The Cisco card is well recognized by the kernel and works fine. 

To be able to sniff 802.11 packets, I did the following: 

I removed old libpcap RPM and installed patched version of libpcap. I
found the pached version in RPM format here:
http://www.shaftnet.org/~pizza/software/ 

#rpm -e libpcap 
#rpm -i libpcap-0.7.1-1prism.i386.rpm 
#rpm -i libpcap-devel-0.7.1-1prism.i386.rpm 
#rpm -i libpcap-static-0.7.1-1prism.i386.rpm 

Then I compiled ethereal from the sources and installed it. 

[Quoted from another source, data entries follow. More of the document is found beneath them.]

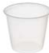
510691 STONE CUP PORTION 5.5O POLY PRO CLR 10/250EA
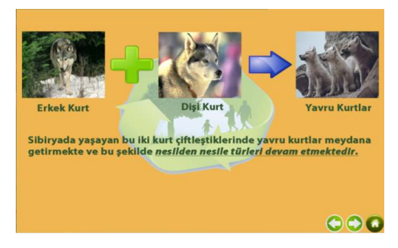
Fig. 5. Giving examples and making identifications

In the software, before teaching new concepts, students are reminded the prior concepts which they have. In the lecturing part students encounter some examples related to the subject (Fig. 5). While giving examples, some visual materials related to the concepts are used. By this way, it is aimed to increase students' motivation on the learning subject.
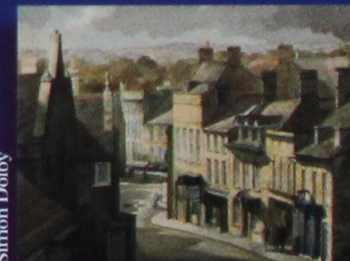
looking down on west street, Oundle Simon Dolby
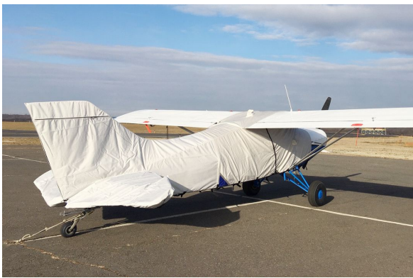
Maule M-5-235C Extended Canopy Cover, Empennage Cover
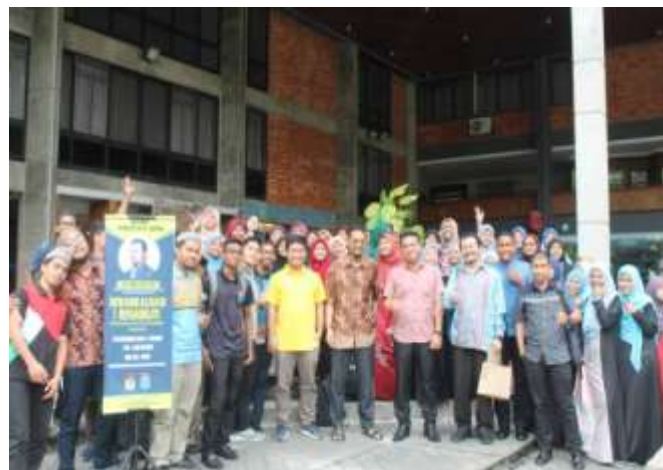
Figure 4:- Discourse of 'Deradicalization and Rehabilitation Program: Experience, Reality and Challenges in Malaysia'.
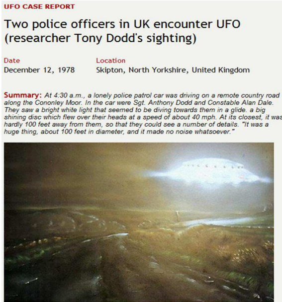
Fig. 7. 1978, UFO over Skipton, North Yorkshire, United Kingdom.
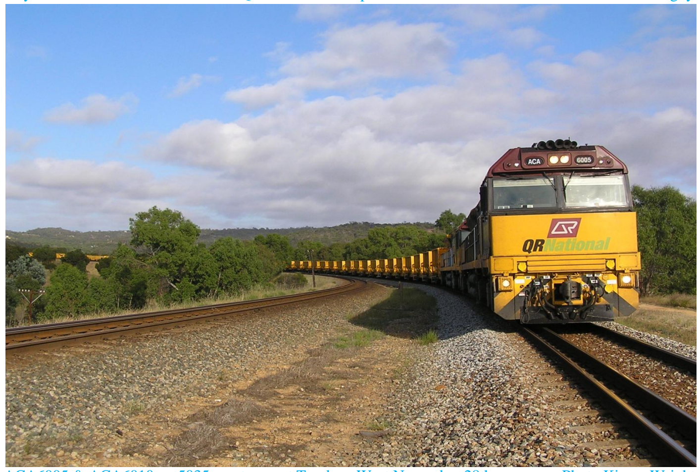
ACA6005 & ACA6010 on 5035 empty ore at Toodyay West November 28th.
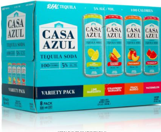
8 Can Variety Pack
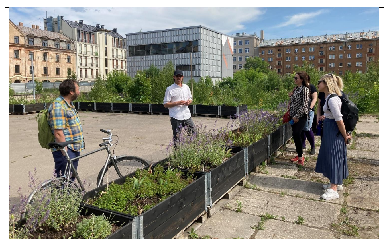
Community garden "Sporta Pils dārzi" by Mārtiņš Enģelis, Riga City Council
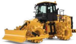
> compactors 4
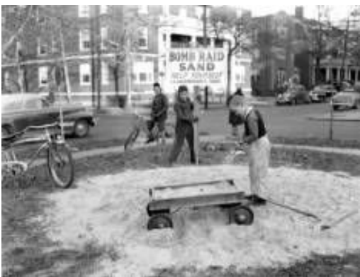
Bomb Raid Sand Pile, 1942 - Norfolk, Virginia photographer unknown

1434 East Bayview Boulevard in the Ocean View section of Norfolk, Virginia http://cdm15987.contentdm.oclc.org/cdm/ref/collection/p15987coll9/id/5679# .
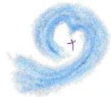
WELCOME GRADE SERVICE LOVE COMMUNITY
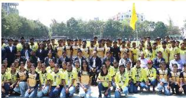
Electronics And Computer Engineering
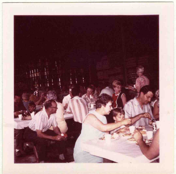
Enjoying the good food.
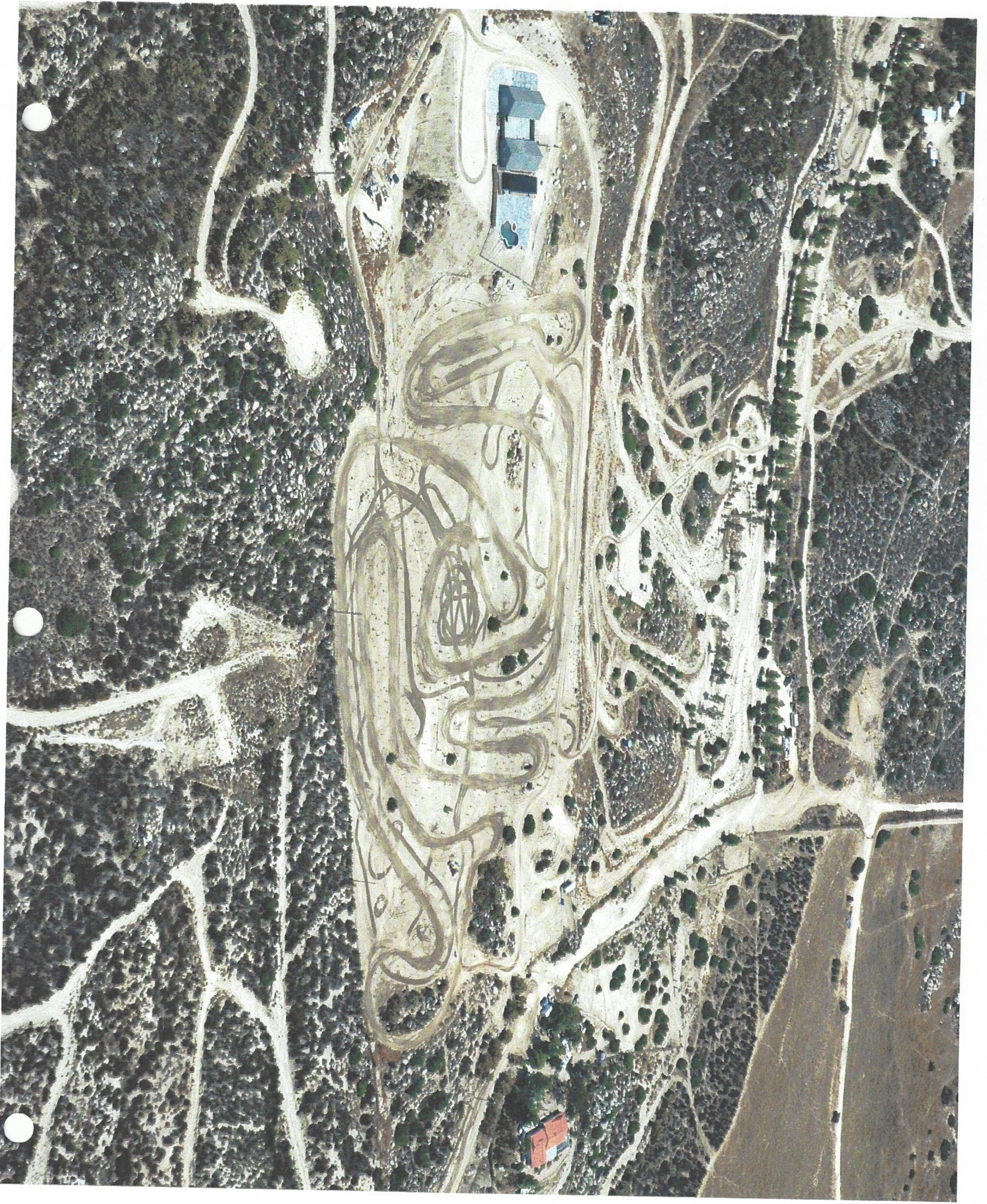
MARK PRESCOTT TRACK
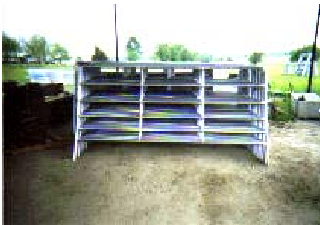
Another panel style with legs versus the skid style feet. Shown are the horizontal bar style panels. Panels available in lighter or heavier gauge.
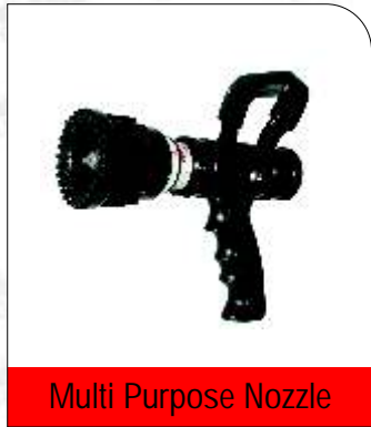
Multi Purpose Nozzle
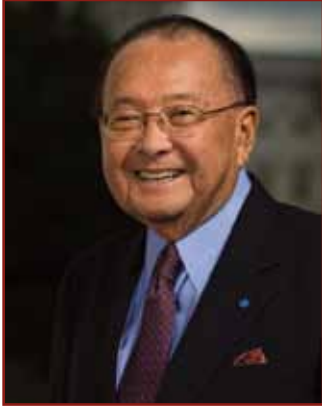
United States Senator Daniel Inouye

On Saturday, August 20, 2011 at 10 am, the Heart Mountain Wyoming Foundation will welcome an anticipated gathering of nearly 1,000 guests to celebrate the historical opening of the Interpretive Learning Center. To commemorate the occasion, the keynote address will be delivered by U.S. Senator Daniel Inouye. As president pro tempore of the Senate, Dan Inouye is third in line of succession to the presidency and the highest ranking Asian American elected official in our nation's history. From the Pacific Islands state of Hawaii, Sen. Inouye is not only one of our distinguished leaders in Washington but also one of the most decorated veterans of WWII. He served with the 442nd Regimental Combat Team and later earned the nation's highest award for military valor, the Medal of Honor.
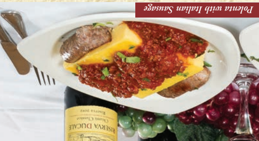
Polenta with Italian Sausage
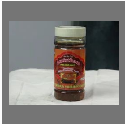
Chettinad Kuzhambu Mix
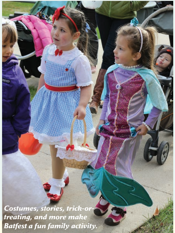
Costumes, stories, trick-or-treating, and more make Batfest a fun family activity.

Trying to decide on a preschool for your child? Stop by the Library for a look at various Batavia and Geneva preschools. The open house format offers parents and caregivers the opportunity to talk to many preschools at one time in one location. No registration required.
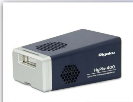
HyPix-400: 2-dimensional semiconductor detector
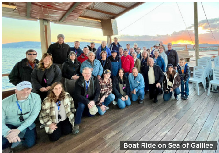
Boat Ride on Sea of Galilee

Today we travel north to visit Hazor, the largest Old Testament site in Israel ( a UNESCO World Heritage Site ). We will then proceed to Dan, the northern border of the biblical kingdom of Israel. There we will walk to one of the headwaters of the Jordan River and visit the extensive excavations. A short drive will take us to Caesarea Philippi, the place where Peter confessed that Jesus was the Christ ( Matt 16:16 ). From there we will drive up on to the Golan Heights and view into Syria ( if local conditions permit ). We end our day at Katzrin where we will visit the well-preserved Synagogue and reconstructed houses. Overnight in Tiberias (B,D).

I put my card into rfmon mode: 

#echo "Mode: r" > /proc/driver/aironet/eth0/Config 
#echo "Mode: y" > /proc/driver/aironet/eth0/Config 

Then I brought up the wifi interface: 

/sbin/ifconfig wifi0 up 

Then I start ethereal and select the eth0 interface and all I can see is
normal 802.3 packets from my LAN, that's all. I can see no beacon frames
at all. If it worked, I would immediatly see beacon frames, is that
right ? 


Could you please tell me what's wrong ? 

Thank you. 


Information on configuration 
---------------------------- 

Configuration of interfaces before passing the card in rfmon mode: 

#ifconfig 
eth0 Link encap:Ethernet HWaddr 00:40:96:35:CC:1D 
inet addr:172.30.1.99 Bcast:172.30.255.255 Mask:255.255.128.0 
UP BROADCAST RUNNING MULTICAST MTU:1500 Metric:1 
RX packets:0 errors:1 dropped:0 overruns:0 frame:1 
TX packets:0 errors:0 dropped:0 overruns:0 carrier:0 
collisions:0 txqueuelen:100 
RX bytes:0 (0.0 b) TX bytes:0 (0.0 b) 
Interrupt:3 Base address:0x100 

lo Link encap:Local Loopback 
inet addr:127.0.0.1 Mask:255.0.0.0 
UP LOOPBACK RUNNING MTU:16436 Metric:1 
RX packets:128 errors:0 dropped:0 overruns:0 frame:0 
TX packets:128 errors:0 dropped:0 overruns:0 carrier:0 
collisions:0 txqueuelen:0 
RX bytes:8324 (8.1 Kb) TX bytes:8324 (8.1 Kb) 

Part of kernel messages: 
#dmesg 
cs: IO port probe 0x0c00-0x0cff: clean. 
cs: IO port probe 0x0100-0x04ff: excluding 0x200-0x207 0x220-0x22f
0x330-0x337 0x378-0x37f 0x388-0x38f 0x398-0x39f 0x4d0-0x4d7 
cs: IO port probe 0x0a00-0x0aff: clean. 
cs: memory probe 0xa0000000-0xa0ffffff: clean. 
airo: Doing fast bap_reads 
airo: MAC enabled eth0 0:40:96:35:cc:1d 
eth0: index 0x05: Vcc 5.0, Vpp 5.0, irq 3, io 0x0100-0x013f 

Config of interfaces after passing into rfmon mode and bringing up the
wifi0 : 
#ifconfig 
eth0 Link encap:Ethernet HWaddr 00:40:96:35:CC:1D 
inet addr:172.30.1.99 Bcast:172.30.255.255 Mask:255.255.128.0 
UP BROADCAST RUNNING MULTICAST MTU:1500 Metric:1 
RX packets:0 errors:0 dropped:0 overruns:0 frame:0 
TX packets:0 errors:0 dropped:0 overruns:0 carrier:0 
collisions:0 txqueuelen:100 
RX bytes:0 (0.0 b) TX bytes:0 (0.0 b) 
Interrupt:3 Base address:0x100 

lo Link encap:Local Loopback 
inet addr:127.0.0.1 Mask:255.0.0.0 
UP LOOPBACK RUNNING MTU:16436 Metric:1 
RX packets:128 errors:0 dropped:0 overruns:0 frame:0 
TX packets:128 errors:0 dropped:0 overruns:0 carrier:0 
collisions:0 txqueuelen:0 
RX bytes:8324 (8.1 Kb) TX bytes:8324 (8.1 Kb) 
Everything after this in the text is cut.